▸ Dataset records
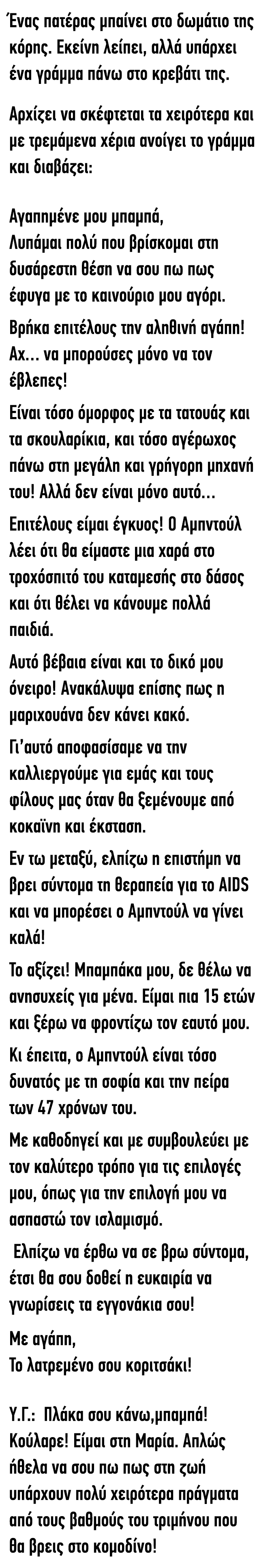 σε Ανέκδοτα Ελεος Ωραιο LOL Τελειο Έξυπνο WIN OMG Κλαμα WTF Ανέκδοτο: Ένας πατέρας μπαίνει στο δωμάτιο της κόρης 23/04/2025, 04:21 29.5χιλ. Προβολές Κοινοποιήστε στο Facebook WhatsApp Viber Facebook Messenger Κοινοποιήστε στο Facebook WhatsApp Viber Facebook MessengerΔείτε ακόμα 👉 ΑΝΕΚΔΟΤΟ: Η γριά και ο βαρβάτος με την τεράστια... αντοχή Δείτε περισσότερα Προηγούμενο ανέκδοτο Ανέκδοτο: Γυρίζει ο Τοτός από την παιδική χαρά και βρίσκει το σκύλο του νεκρό, με τα πόδια ψηλά…. Επόμενο ανέκδοτο Ανέκδοτο: Ένας μαύρος περπατά κάπου στη Ν. Αφρική και ξαφνικά βλέπει ένα πορτοφόλι
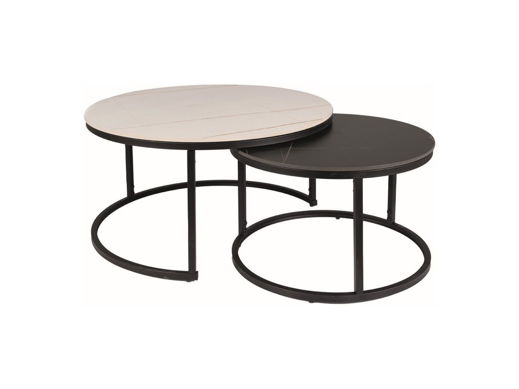 Set 2 ks stolků, MDF deska, dekor bílý mramor, kovová podnož, černý lak
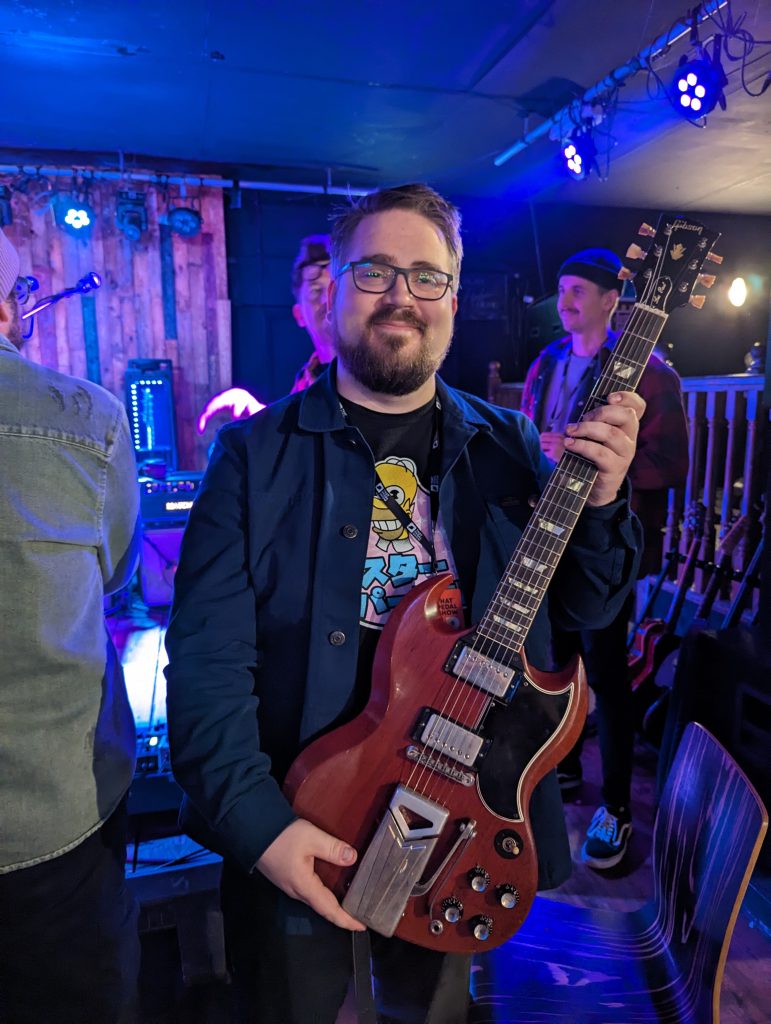 Here’s a pic of me with Dan Steinhardt’s 1962 Gibson Les Paul – the original name for this shape before it became known as an SG.
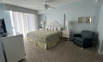Had a great experience in the two bedroom unit 504. It was super spacious. Much bigger than the pictures look. Location was perfect for beach and boardwalk and the ocean view was beautiful from our long balcony. Everything was very clean and the checkout directions left very little work for us guests which is nice. My only criticism is the door leading to the balcony in the room with the king bed, doesn’t fully close. There is daylight coming through so it’s open enough for noise and heat. We pulled the blackout curtains all the way in front of it and that helped, but that room stayed warmer the whole time. That def needs a repair, but it was a small thing for an otherwise excellent experience.
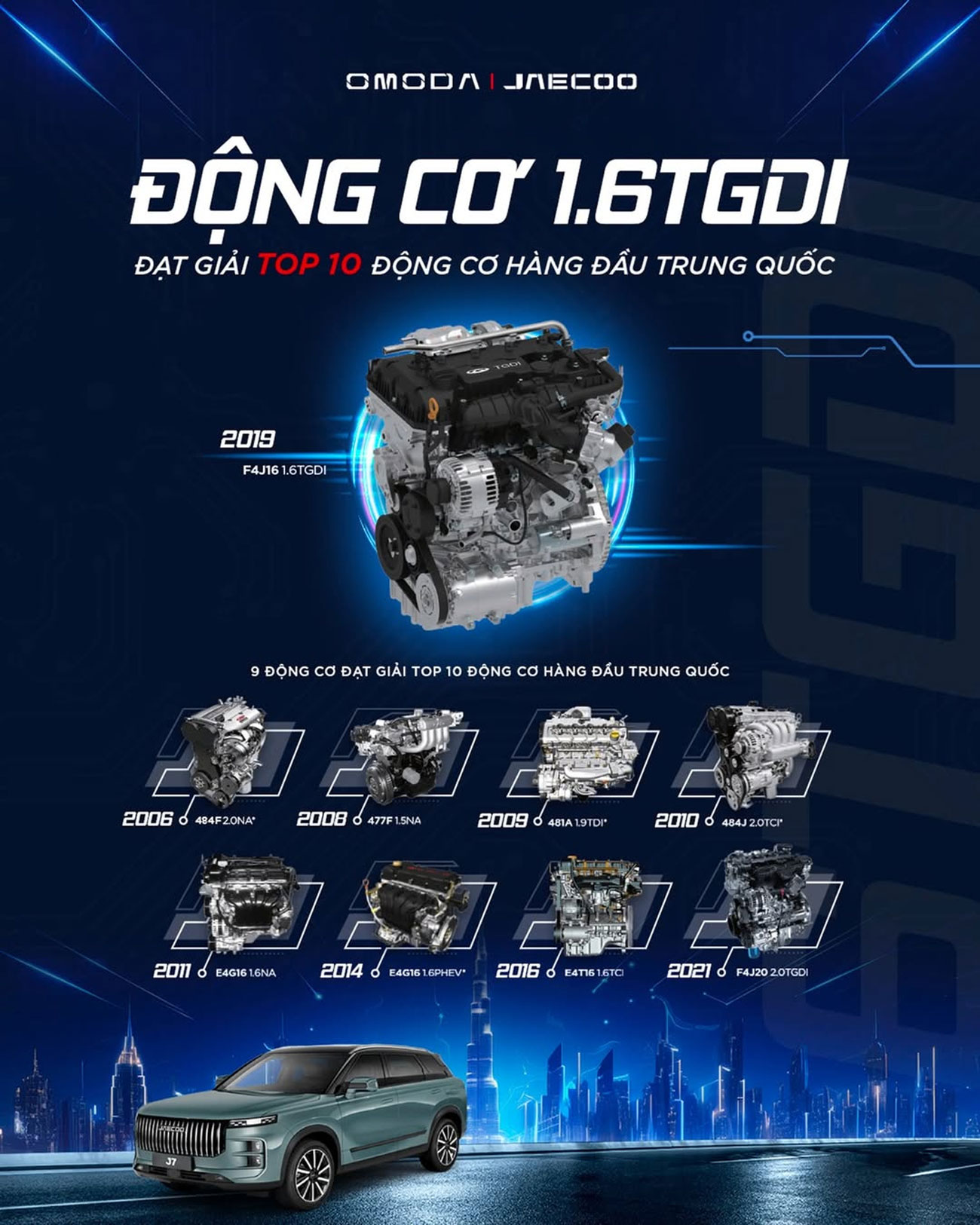 Động cơ 1.6TGDI được trang bị trên OMODA & JAECOO đã xuất sắc đoạt giải thưởng uy tín “Top 10 động cơ hàng đầu tại Trung Quốc”, đồng thời được đề cử “Giải thưởng Top 10 động cơ tốt nhất” tại Mỹ (Wards AutoWorld, 2021).
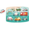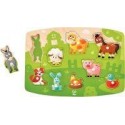 Lot de 4 encastrements à boutons, 9 pièces. 4 encastrements en bois de 9 pièces : les animaux de la jungle, les véhicules, les engins de chantiers et les animaux de la ferme. Le bouton fixé sur chaque pièce permet une prise en main facile par les plus petits. Repérage visuel au fond du plateau pour guider l''enfant. Permet de développer la motricité fine, la coordination œil / main et le sens de l''observation. Peinture à base d’eau. Dimensions du plateau (L x l) : 29 x 20 x ép. 0,8 cm. Dès 2 ans.
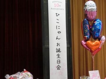 今日はひこにゃんのお誕生日です。彦根城天守前広場でファンクラブの会長とともにケーキやお花をプレゼントしました。またファンクラブが「ひこにゃんのお誕生日会」を開催してくださいましたので、出席させていただきました
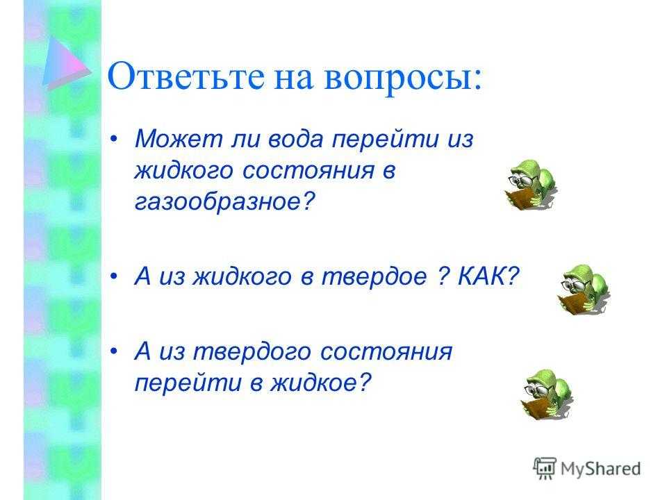 Ответьте на вопросы: Может ли вода перейти из жидкого состояния в газообразное? А из жидкого в твердое ? КАК? А из твердого состояния перейти в жидкое?
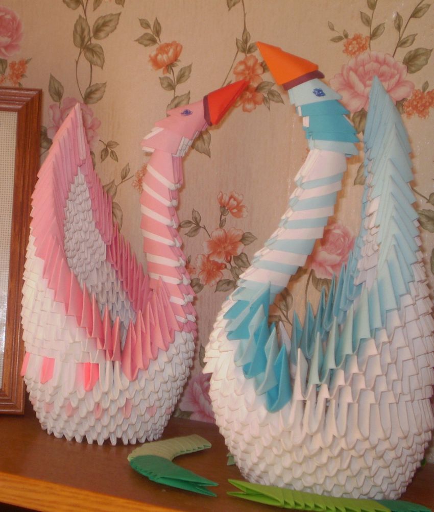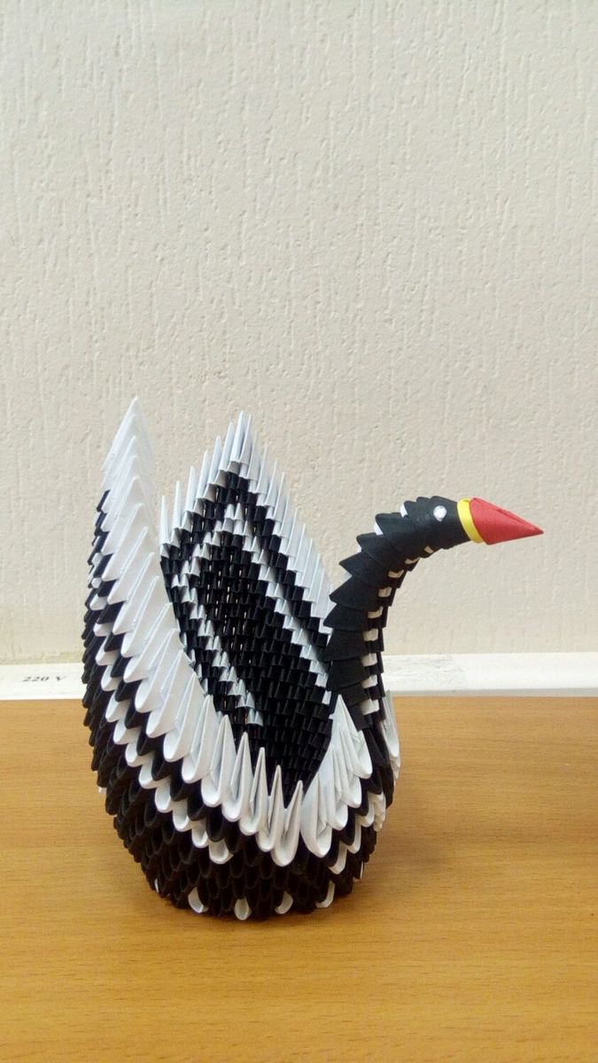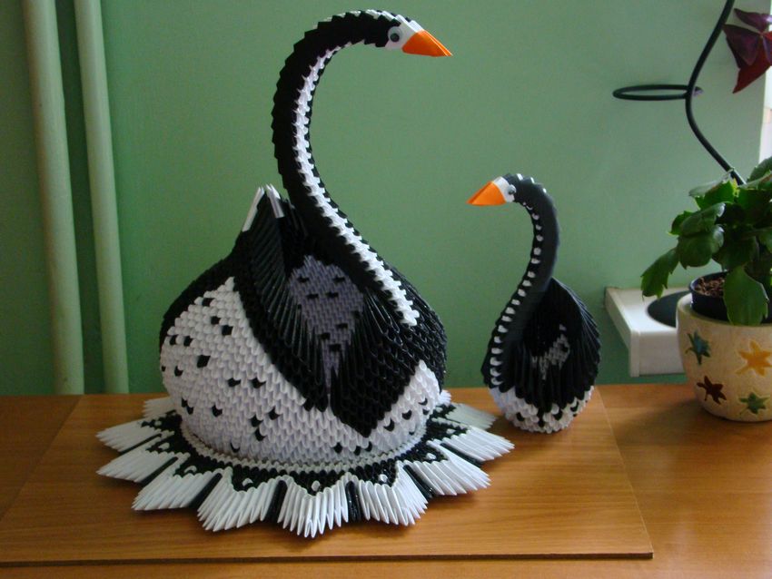 Si tu veux obtenir un cygne plus coloré, alors fais un module de papier coloré. Les modèles en noir et blanc sont également très intéressants.

▸ Assignment
Give back all of the entries verbatim, but without pictures.

▸ Task answer
 σε Ανέκδοτα Ελεος Ωραιο LOL Τελειο Έξυπνο WIN OMG Κλαμα WTF Ανέκδοτο: Ένας πατέρας μπαίνει στο δωμάτιο της κόρης 23/04/2025, 04:21 29.5χιλ. Προβολές Κοινοποιήστε στο Facebook WhatsApp Viber Facebook Messenger Κοινοποιήστε στο Facebook WhatsApp Viber Facebook MessengerΔείτε ακόμα 👉 ΑΝΕΚΔΟΤΟ: Η γριά και ο βαρβάτος με την τεράστια... αντοχή Δείτε περισσότερα Προηγούμενο ανέκδοτο Ανέκδοτο: Γυρίζει ο Τοτός από την παιδική χαρά και βρίσκει το σκύλο του νεκρό, με τα πόδια ψηλά…. Επόμενο ανέκδοτο Ανέκδοτο: Ένας μαύρος περπατά κάπου στη Ν. Αφρική και ξαφνικά βλέπει ένα πορτοφόλι
 Set 2 ks stolků, MDF deska, dekor bílý mramor, kovová podnož, černý lak
 Here’s a pic of me with Dan Steinhardt’s 1962 Gibson Les Paul – the original name for this shape before it became known as an SG.
Had a great experience in the two bedroom unit 504. It was super spacious. Much bigger than the pictures look. Location was perfect for beach and boardwalk and the ocean view was beautiful from our long balcony. Everything was very clean and the checkout directions left very little work for us guests which is nice. My only criticism is the door leading to the balcony in the room with the king bed, doesn’t fully close. There is daylight coming through so it’s open enough for noise and heat. We pulled the blackout curtains all the way in front of it and that helped, but that room stayed warmer the whole time. That def needs a repair, but it was a small thing for an otherwise excellent experience.
 Động cơ 1.6TGDI được trang bị trên OMODA & JAECOO đã xuất sắc đoạt giải thưởng uy tín “Top 10 động cơ hàng đầu tại Trung Quốc”, đồng thời được đề cử “Giải thưởng Top 10 động cơ tốt nhất” tại Mỹ (Wards AutoWorld, 2021).
 Lot de 4 encastrements à boutons, 9 pièces. 4 encastrements en bois de 9 pièces : les animaux de la jungle, les véhicules, les engins de chantiers et les animaux de la ferme. Le bouton fixé sur chaque pièce permet une prise en main facile par les plus petits. Repérage visuel au fond du plateau pour guider l''enfant. Permet de développer la motricité fine, la coordination œil / main et le sens de l''observation. Peinture à base d’eau. Dimensions du plateau (L x l) : 29 x 20 x ép. 0,8 cm. Dès 2 ans.
 今日はひこにゃんのお誕生日です。彦根城天守前広場でファンクラブの会長とともにケーキやお花をプレゼントしました。またファンクラブが「ひこにゃんのお誕生日会」を開催してくださいましたので、出席させていただきました
 Ответьте на вопросы: Может ли вода перейти из жидкого состояния в газообразное? А из жидкого в твердое ? КАК? А из твердого состояния перейти в жидкое?
 Si tu veux obtenir un cygne plus coloré, alors fais un module de papier coloré. Les modèles en noir et blanc sont également très intéressants.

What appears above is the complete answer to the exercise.